The following Saturday my midwife came over to my house to give me a rhogam shot since my husband and I have conflicting blood types. I also asked her to look at what I passed because I had saved it for her to identify everything for me. To both of our surprise, there were two gestational sacs, one inside of the other. We’d had a twin loss four years ago and now another. I’m glad I asked her. It made me a little sad, but I still felt peace. I became more confused than anything else. I guess my body can perfectly handle one but two it has trouble? I may consult with a doctor to see if any tests can be run, but ultimately I’m still and always will be in God’s hands. We will have lots of angel babies to meet when we get to heaven.
Scripture says that what Satan intended for evil, God meant for good. Even though I cursed him after my ultrasound and was so angry at him, he didn’t leave me to grieve alone, he did more than just not leave, he filled me with his peace and presence and healed me. We live in a fallen world, bad things happen to everyone even followers of Christ. Jesus said we will have sorrow in this world, but he promised to never leave us. And he didn’t leave me.
After my ultrasound, my human response was anger and I was angry and turned away from him for a few hours. He still didn’t leave me though. I have this illustration in my head: a little kid holding his father’s hand and he’s screaming, crying, trying to make his dad let his hand go but he won’t release him because he would run away and get hurt. That’s pretty much how I was after that ultrasound. Screaming, crying, yelling get away from me, let me go, I’m so mad at you right now. But just like that father, Jesus didn’t let me go. He let me be mad and when I went to the bathroom in the middle of the night he followed me to fill me with peace instead.
While I am sad, I have found such joy in this experience because I saw the work of God in so many ways and I felt the literal hand of Jesus on me which was awesome. He said he gives us peace that surpasses all understanding, and I felt that truly for the first time in my life and I’m so thankful I felt it. I think all of this happened so I could learn all these things, so he could show me who he is. So many people, believers and unbelievers, would turn away from God in anger or say how can you trust in him after that? See God doesn’t care about you. But I had this thought: That’s exactly what Satan wants you to think and do, not trust him and turn away. Well I wasn’t going to let the devil win.
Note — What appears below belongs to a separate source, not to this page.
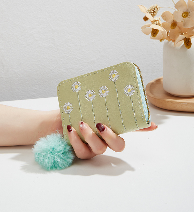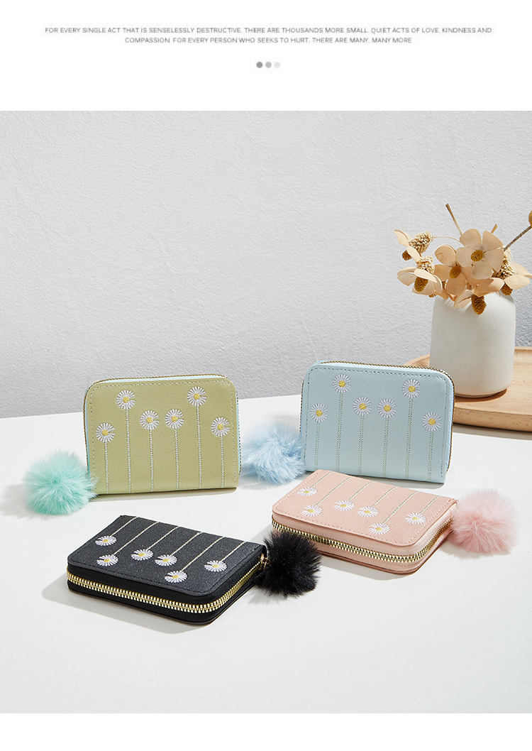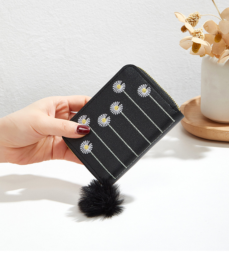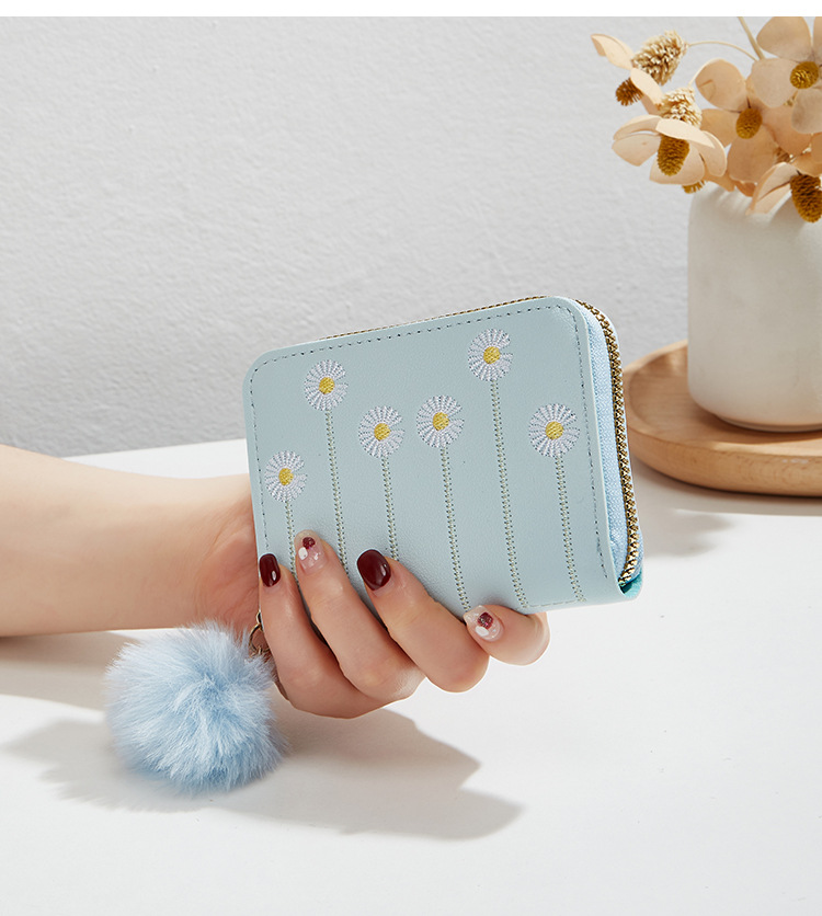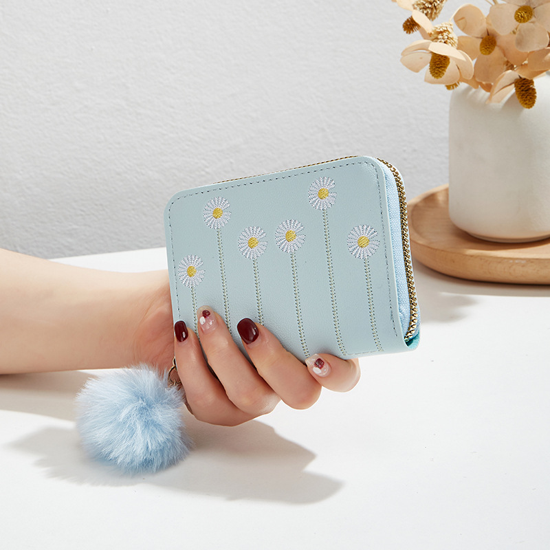 外贸批发短款钱包新款毛绒时尚手拿包卡包刺绣花朵钱包迷你purses

The world says that time heals all wounds, but that’s not true. Jesus heals them and he can heal you right on the spot, physically and emotionally. You know sometimes if you see somebody who did you wrong and you still feel angry when you see them? Or you remember some situation and you immediately have a strong reaction? Maybe you haven’t gotten over it yet and need to ask God to help you find peace. I’ve gotten on facebook several times and have seen many, many posts of people posting their positive pregnancy tests, their newborns, their birth videos, and this morning I noticed something when I watched my friends video: I didn’t feel jealous or angry that I don’t get to do that now.
See I just miscarried a few days ago, so the world would say I should feel sad and angry and jealous when I see that because it’s only been a few days. That’s not enough time to get over it. And if you’re over it already I question if you cared in the first place. The world has it wrong. Time doesn’t heal your wounds; Jesus heals your wounds when you ask him to. (Thanks Sadie Robertson from Duck Dynasty for that little gem-can’t take credit for that one haha)
I do have moments of sadness and grief, but I picture Jesus walking beside me, holding my hand, sitting on the couch beside me, because he really is there. I can’t see him with my eyes, but I can feel him around me holding me together.
Sometimes the hardest thing to say is: I want your will, Lord, not mine.